* WHAT YOU NEED TO DO: Without the images, output each record below as it stands.

--- EXERCISE INPUT Enclosed Below ---

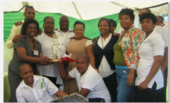
Jovial Staff From Ward 9A with a trophy

Hand washing techniques according to IPC guidelines were assessed to all staff visited. On the 18th October 2012 the IPC Team and the wards organized an event where all wards and department showcased their stalls in terms of IPC. The team devised a tool to measure all participants, those who got a high percentage were given trophies and certificates for their hard work. Sister hospitals such as Umgeni, Townhill and Midlands Hospital were part of the event. The IPC team would like to
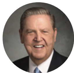
By Elder Jeffrey R. Holland Of the Quorum of the Twelve Apostles

We have a life of devoted discipleship to give in demonstrating our love of the Lord.
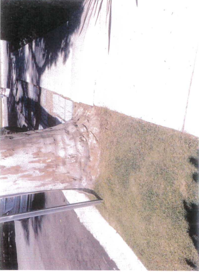
720 Jasmine Avenue
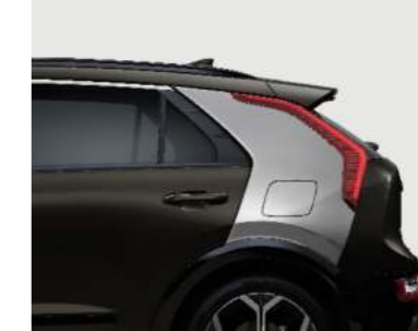
Light Grey C-Pillar
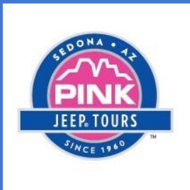
Pink Jeep Tours
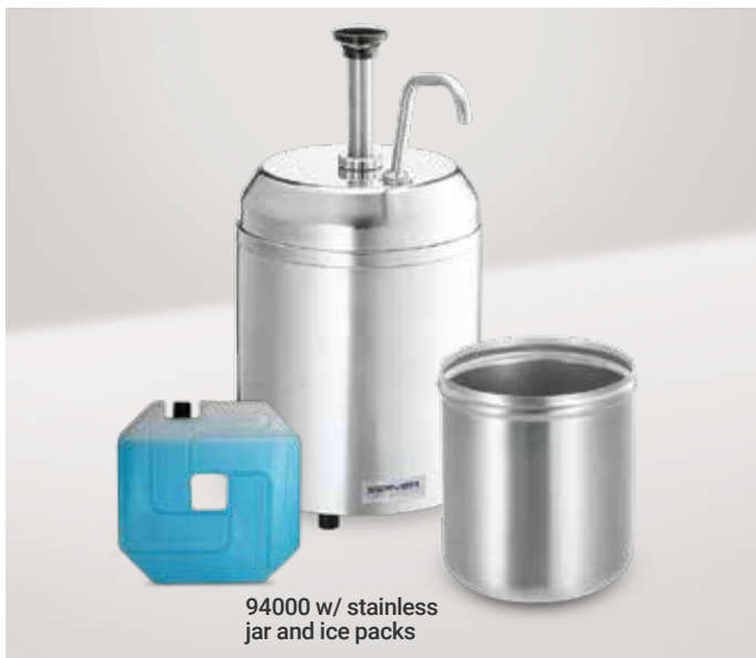
94000 w/ stainless jar and ice packs

--- End of Enclosed EXERCISE INPUT ---

* RESULT OF THE EXERCISE:
Jovial Staff From Ward 9A with a trophy

Hand washing techniques according to IPC guidelines were assessed to all staff visited. On the 18th October 2012 the IPC Team and the wards organized an event where all wards and department showcased their stalls in terms of IPC. The team devised a tool to measure all participants, those who got a high percentage were given trophies and certificates for their hard work. Sister hospitals such as Umgeni, Townhill and Midlands Hospital were part of the event. The IPC team would like to
By Elder Jeffrey R. Holland Of the Quorum of the Twelve Apostles

We have a life of devoted discipleship to give in demonstrating our love of the Lord.
720 Jasmine Avenue
Light Grey C-Pillar
Pink Jeep Tours
94000 w/ stainless jar and ice packs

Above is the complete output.